Identity politics and political correctness are far from being the unmitigated evils Donald Trump and Bill Maher apparently think they are. And it’s true that in popular movements, excess is inevitable. From the French Revolution to the New Left—and now to the new New Left—popular enthusiasm has been apt to get out of control and become absurd and even violent (as with Antifa). But that doesn’t mean the excess shouldn’t be fought when it becomes truly damaging. When a mode of politics starts to ruin the lives of innocent people, discourage independent and honest thinking, and advocate the destruction of valuable works of art, it’s time to rein it in.

One of the most striking features of the extreme fringe of political correctness—a fringe that seems to dominate culture more and more—is one of the least talked about: often, it is just a sublimation of the very conditions of neoliberal capitalism that leftists hate. Interpersonal atomization and alienation, gleeful cruelty, schadenfreude run amok, censorship and suppression of dissent, a universal leveling that valorizes groupthink as the highest virtue, and surveillance of daily life and every interaction: these tendencies of late capitalism are somehow refracted into left-wing forms and concerns. The mechanism, actually, of this ironic ‘refraction’ is probably quite simple: society has become so inhuman and depersonalized, so bureaucratized and anonymized, that people all across the political spectrum—not only leftists—are made pettier, more insecure, sensitive to perceived slights, and mean-spirited (especially online).

We see the “Other” as oppressing us—however each of us defines the Other—and we lash out to punish it or those who we think manifest it at any given moment. This punitive mentality at least gives us little malicious pleasures that partly compensate for the indignities we’re constantly suffering.

But while it might be understandable, it’s hardly appropriate for people on the left to be so corrupted by the anti-humanism of a fragmented and paranoid capitalist society. From Karl Marx to Eugene Debs, from A. J. Muste to Noam Chomsky, the left has devoted itself to far more elevated causes than vindictively shaming people for, e.g., using the word fútbol despite not being Hispanic, or quietly telling a “sexist” joke to a friend within earshot of a woman who doesn’t like such jokes, or in general policing the world so that every space is “safe” and people are never uncomfortable. Some such policing, within reason, can be productive and important: people should be educated, to the extent possible, out of their unconscious biases and prejudices. But those who identify with the left should also identify with the tradition’s compassion and self-critical inclinations. Perhaps a little less puritanism is called for, and a little more understanding that even good people are imperfect and have lapses. And that no one, including the most eager shamer, is perfect.
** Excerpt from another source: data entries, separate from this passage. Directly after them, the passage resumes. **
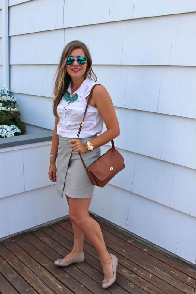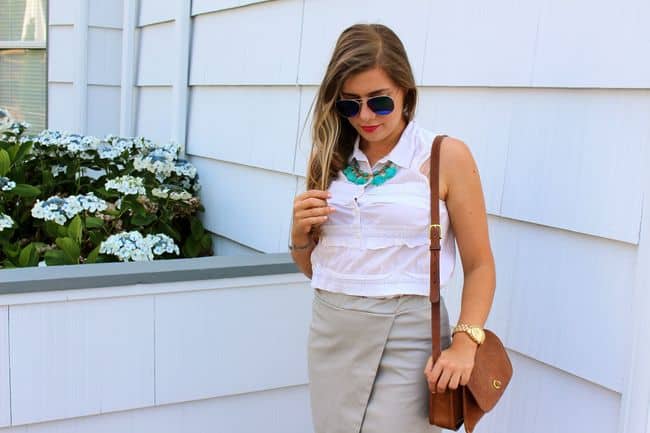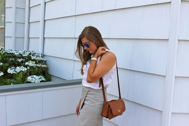 Off WhiteSHIRT: Loft (old, similar here) // SKIRT: Topshop (thrifted, similar here) // BAG: Coach // SHOES: TJ Maxx (similar here) // SUNGLASSES: H&M // NECKLACE: Mimi Scholer (similar here) // WATCH: T+J Design (similar here) // LIPSTICK: Revlon ‘Fuchsia Fusion’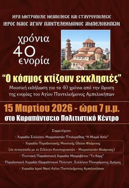 Με μικρασιατικούς και ποντιακούς ήχους θα διανθιστεί η μουσική εκδήλωση «Ο κόσμος κτίζουν εκκλησίες» για τη συμπλήρωση 40 χρόνων από την ίδρυση της ενορίας του Αγίου Παντελεήμονος Αμπελοκήπων, στη Θεσσαλονίκη.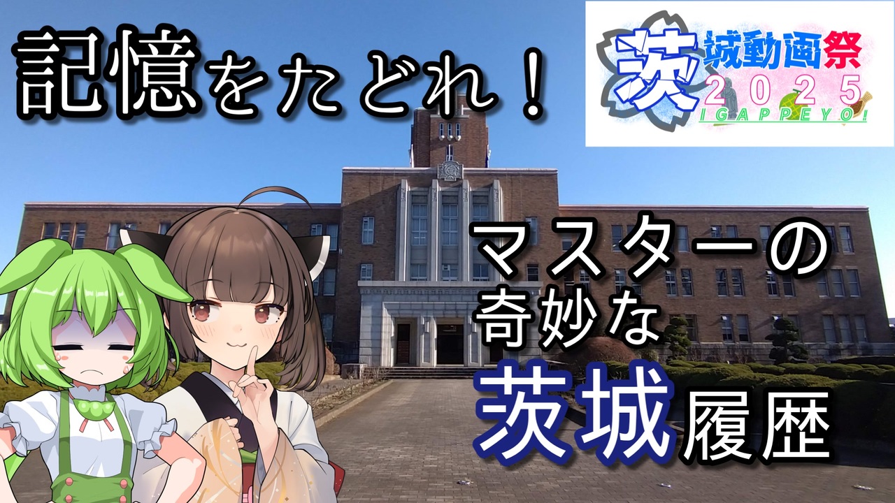 <strong>私は言いましたからね。壮大な自分語りだって。</strong><br><br>ということで、syageki(<a href="https://www.nicovideo.jp/user/21575316" target="_blank" rel="noopener nofollow">https://www.nicovideo.jp/user/21575316</a> )様主催の「茨城動画祭」参加動画です。<br>何とか間に合いましたね。<br>※チェックもほどほどに上げているので、ミスはご容赦ください<br><br>茨城がテーマであればなんでもいいとのことだったので、都道府県市区町村(<a href="https://uub.jp/" target="_blank" rel="noopener nofollow">https://uub.jp/</a> )様で算出した、茨城県の「経県値」をもとに動画を作ってきました。<br>人生という名の旅行を共にした場所なので、ジャンルは旅行ということで…(???)<br><br />〇BGM<br>DOVA-SYNDROME様(曲名は動画内に記載しています) <a href="https://dova-s.jp/" target="_blank" rel="noopener nofollow">https://dova-s.jp/</a><br><br>〇効果音<br>効果音ラボ様 <a href="https://soundeffect-lab.info/" target="_blank" rel="noopener nofollow">https://soundeffect-lab.info/</a><br><br>お借りしている立ち絵は親作品からご確認を。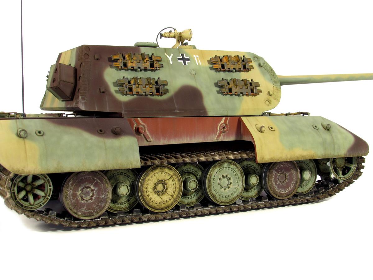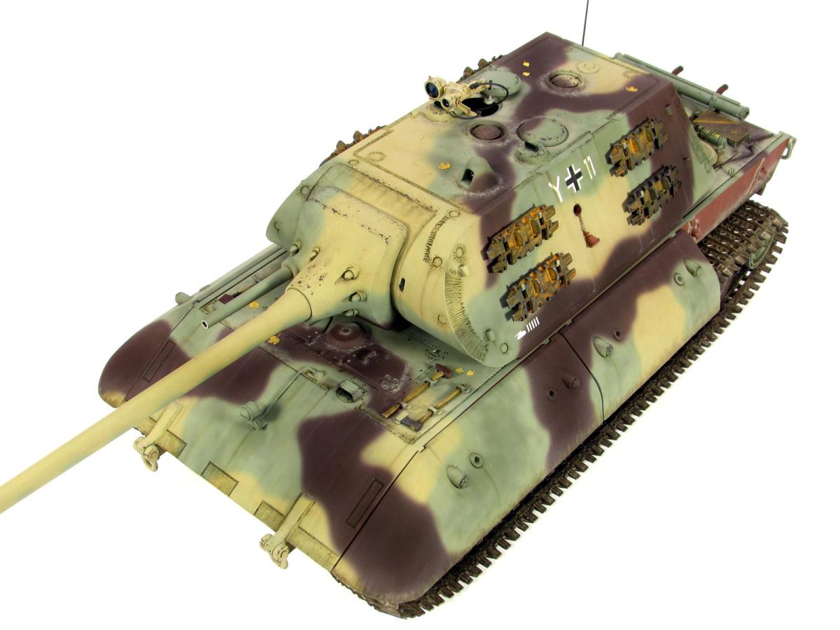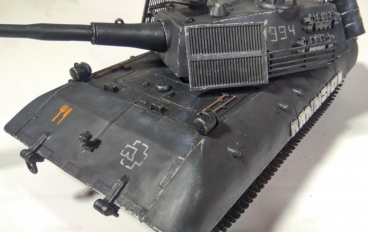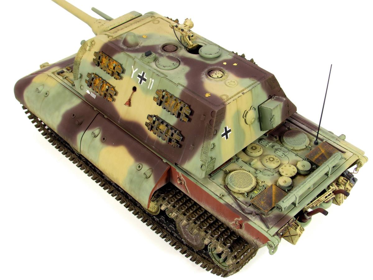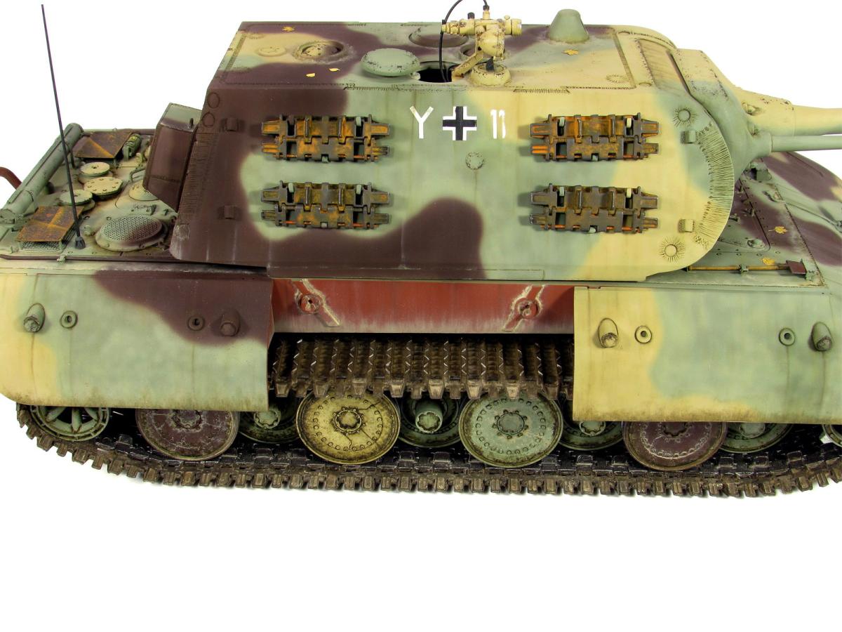 Всем привет. Итак, реинкарнация Е-100. В 2019 году я уже строил данную модель, собственно это она и есть, к сожалению, так вышло, модель пришлось отмыть т.к. была несовместимость модельной химии. На акриловую спиртовую краску Тамия под декали был нанесён глянцевый лак серии LP Тамия и им же закрывались деки. В результате через какое то время после завершения стройки, везде, где был нанесён глянцевый лак LP очень сильно потрескалось покрытие.По доработкам: мет. ствол орудия и пулемёта, точеная антенна и антенный ввод от RB Models, точёная заглушка пистолетного, множество элементов КТ от Менг, тубус под антенну, рабочие травленые замки, нарастил плиту ВЛД, переместил крепления экранов спереди, заделал пулемётные гнёзда на башне, добавил бронировку вент. решёток, изготовил ящик для ПНВ, доработал бортовые экраны.Маркировку взял из 512 батальона, именно там были Ягдтигры маркировавшиеся X и Y и мне захотелось засунуть Е-100 почему то туда под вымышленным номером. Спасибо за внимание.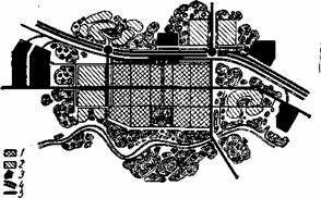 1 – существующий город; 2 – новые жилые районы; 3 – промышленность; 4 – автомобильная дорога; 5 – общегородская магистраль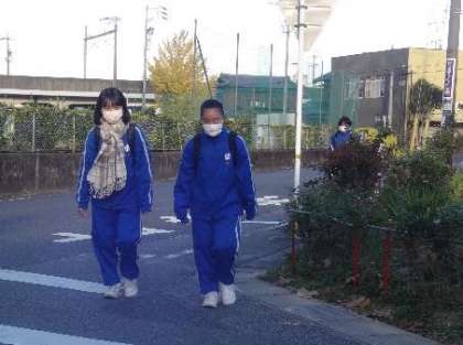 写真から寒さが伝わるでしょうか? 〜今日の登校風景3〜
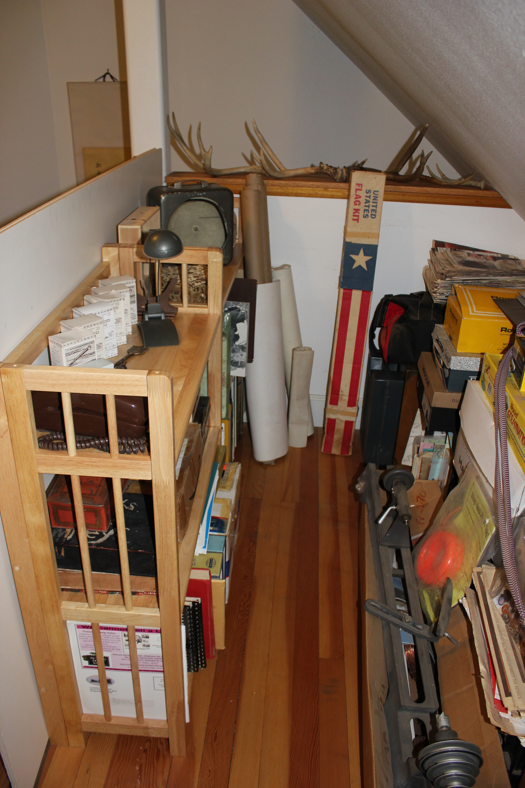 The white item to the left of the photo is an antique map pressed between white boards to keep it flat. That I must leave alone.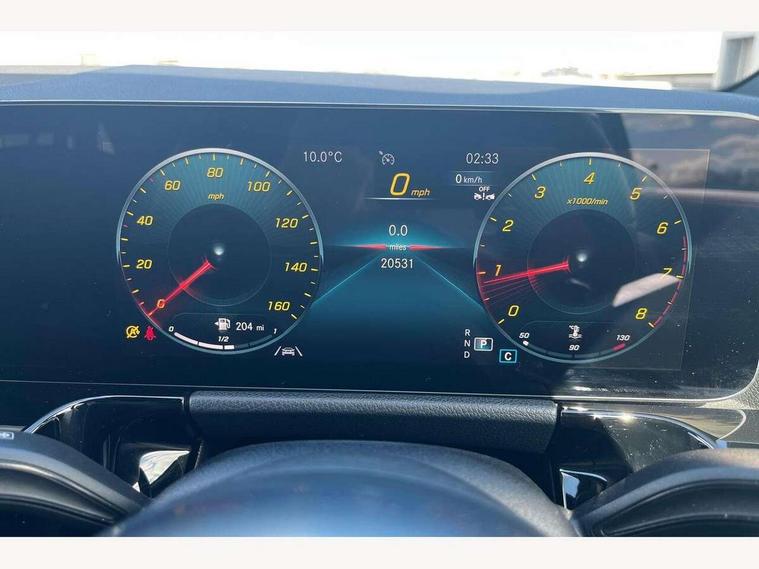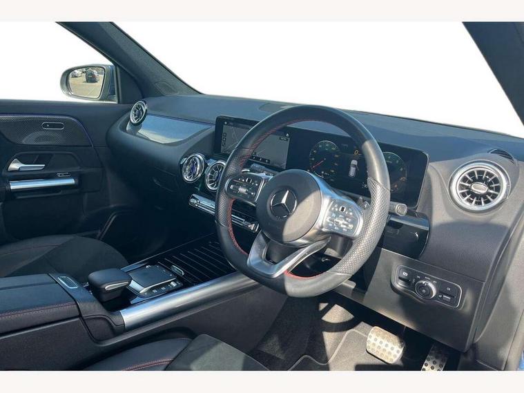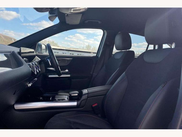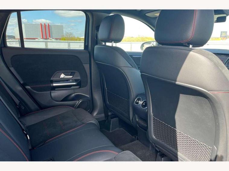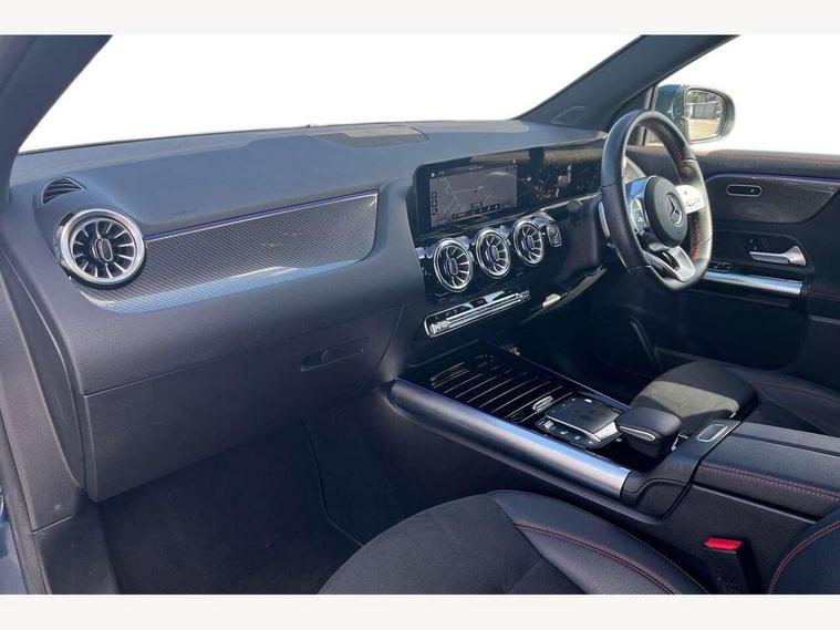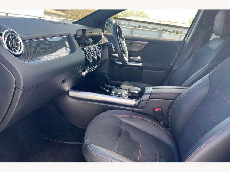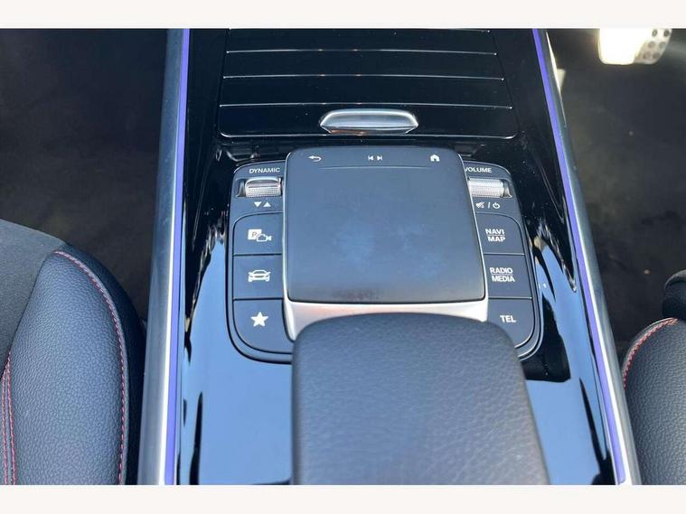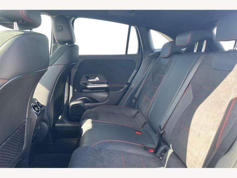 10.25 inch touchscreen central media display, 10.25" Digital instrument cluster display screen, Active lane keeping assist, Attention assist, Cruise control + speed limiter, Direct steering, DYNAMIC SELECT with a choice of driving modes (ECO, Comfort, Sport and Individual), ECO start/stop function, Fluid level warning indicator for fuel, oil, coolant and washer fluid, Hard-disk navigation, Hey Mercedes Voice activation, Lamp failure indicator, Mercedes me connect including emergency call system, accident recovery, breakdown and maintenance management, Mercedes me remote services, Multi function trip computer, Outside temperature gauge, Owners manual and service booklet in English, Pre-installation of private car share, Radio aerial integrated into front and rear windshields, Service indicator (ASSYST), Smartphone integration with Apple CarPlay and Android auto, Speed limit assist, Status display for rear seat belts in instrument cluster, Lowered comfort suspension, Rear axle multi-link, 2 USB ports (type C) in rear stowage compartment and one in front of center console, Bluetooth connectivity including audio streaming, DAB Digital radio, MBUX multimedia system, Media interface, Mercedes-Benz (225w) sound system with 10 speakers, Adaptive brake lights, Aerial for GPS, Aluminium roof rails, AMG front and rear apron, AMG specific/dual flow exhaust pipes in chrome (non-functional), Automatic headlamp activation, Beltline strips and weather strip in chrome, Black grained claddings with chrome parts, Body colour bumpers, Body colour door mirrors, Body coloured door handles with chrome insert for keyless entry, Car wash function, Dark privacy glass from B-pillar backwards, Electric front windows, Electric rear windows, Electrically adjustable and heated door mirrors with integrated LED indicators, Heated glass rear windscreen + timer control, Heated windscreen wash system, Interior mirror with black reading lamps and frameless, LED high performance headlamps with integrated LED daytime running lights, LED tail lights in two piece design, LED third brake light, Matt titanium grey front and rear apron trim, Pre-installation for trailer coupling, Rain sensor windscreen wipers, Rear fog lights, Rear side wing doors, Rear wiper, Roof spoiler, Single lamella raditor grille with chrome dotted diamond grille and inlay, 12V power socket in centre console, 3 seat bench in 2nd row, 3 spoke multifunction sports steering wheel in nappa leather with flattened bottom and perforated grip area, 40:20:40 split folding rear seat backrests, Adjustable head restraints, Air conditioning - Two zone thermotronic luxury automatic climate control with display, Ambient lighting in front headrests, AMG floor mats with AMG lettering in front, Artico man-made leather/Microfibre Dinamica upholstery with red contrast stitching, Auto Mercedes-Benz child seat recognition sensor, Black roof lining, Brushed door pulls in silver chrome, Courtesy light in boot, Front centre armrest with stowage, Galvanished gear shift paddles on steering wheel, Heated front seats, illuminated door sills with changeable cover, Illuminated glovebox, Interior lighting - 64 colour Ambient lighting, Leather trimmed gearknob, Luggage net on driver/front passenger seat backrest, Manually height and reach adjustable steering column, Multi-gesture touchpad control on center console, Single front passenger seat, Sports pedals in brushed stainless steel with black rubber studs, Sports seats, Stowage compartment in centre console, Stowage compartment with retractable cover, Sunvisors with illuminated vanity mirrors, Twin front cup holders, Two outer rear seat isofix and top tether child seat fixing points, AMG body styling pack - GLA, Comfort seat pack - GLA Class, Interior lighting with light and sight pack - GLA, Load compartment pack - GLA, Mirror pack - GLA Class, Parking pack - GLA, 3 rear 3 point seatbelts, ABS with Brake Assist, Active bonnet pedestrain safety measure which detects an impact and raises bonnet by 65mm, Active brake assist includes forward collision warning system with autonomous braking, Adaptive brake assist with hold function and hill start assist, Bonnet with power domes, Brake pad wear warning indicator, Childproof locks manually operated for rear doors and electrically operated for rear power windows, Crash responsive emergency lighting, Driver and passenger head and side airbags, Drivers knee airbag, Dual stage driver/passenger airbags, Electronic parking brake, ESP curve dynamic assist, ESP with ASR, Front and rear seatbelt reminder, Front brake callipers with Mercedes Benz logo lettering on front, Front brake discs internally ventilated and perforated, Front passenger seat occupancy sensor, Tyre pressure monitoring system, Warning triangle and first aid kit, Window airbags, Alarm system with immobiliser and interior protection -Thatcham category 1, Keyless Go starting function, Remote central locking and crash sensor with emergency opening function, Urban guard vehicle protection, Vehicle key with decorative surround in chrome, Carbon structure trim, Chrome air vent surrounds, 19" AMG 5 twin spoke light alloy wheels aerodynamically optimised painted in tantalite grey with a high sheen finish, Summer tyres, Tirefit tyre sealant kit,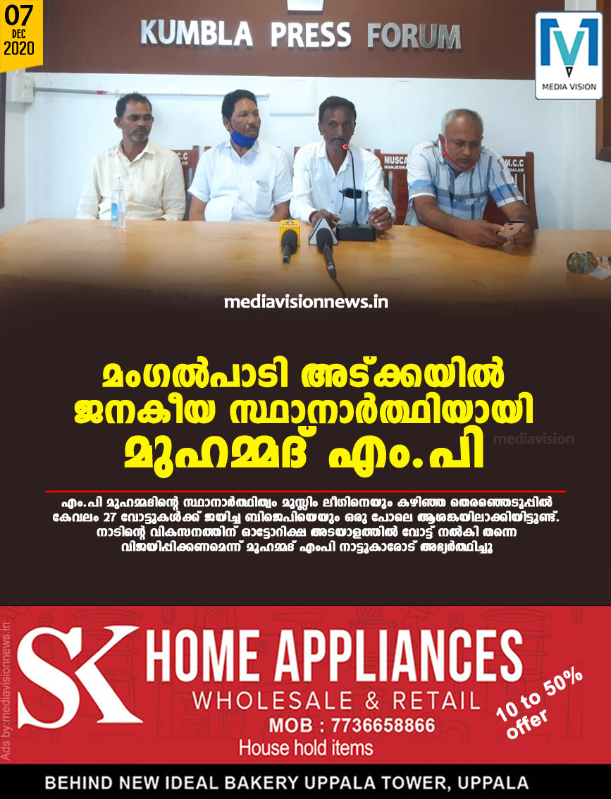 മംഗൽപാടി അട്ക്കയിൽ ജനകീയ സ്ഥാനാർത്ഥിയായി മുഹമ്മദ് എം.പി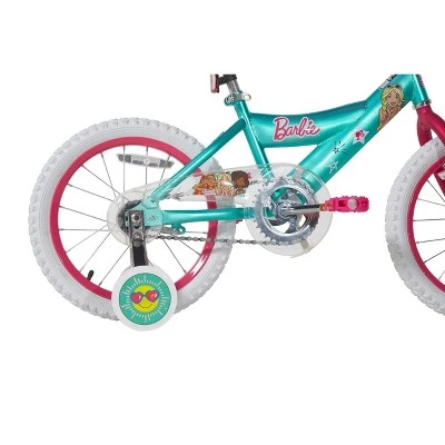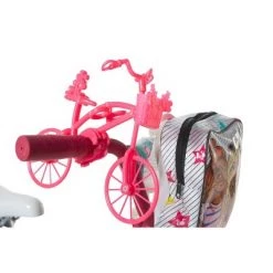 Our custom Barbie 16” bike is dressed to impress. The sturdy steel frame comes complete with removable, adjustable training wheels, a rear coaster brake and a full chain guard. But, to be a Barbie bike, you need pizazz, so we added custom Barbie decals, pink pedals, a Barbie saddle, a Barbie handlebar bag, streamers and bold white tires. But what’s a ride without Barbie? So, we added a ‘Ride With Me Barbie’ minibike, and with your little one on these wheels, Barbie is sure to want to ride along!

Indeed, I’m tempted to say that the hyper-moralistic mindset doesn’t belong to the left at all. Its demand for purity is uncomfortably close to the puritan obsessions of the religious right, so vigilantly attuned to the merest indication of atheism, sex, homosexuality, coarse language, and humanism. At best, leftist puritanism represents an attenuated, enervated, decadent left, a strain of the left that has lost its love of people and become thin and narrow as a reed. Brittle, misanthropic, crabbed, ungenerous, ultra-judgmental, whiny, sickly—these are the words that come to mind to describe such a “left.”

How different from the humanism, compassion, and spiritual capaciousness of a Debs or a Chomsky!

The destruction of a left-wing mural for being “hurtful” may seem like a pretty minor affair, and compared to the catastrophes occurring every day all over the world, it is. But if the cultural tendencies that have eventuated in this crime against art are not checked, we’ll continue to see more such crimes, and not only against art. Against people, too, people who don’t deserve to be publicly shamed or ruined. The left should take care lest it lose its humanity and adopt the censorship-fetish of the fascist right.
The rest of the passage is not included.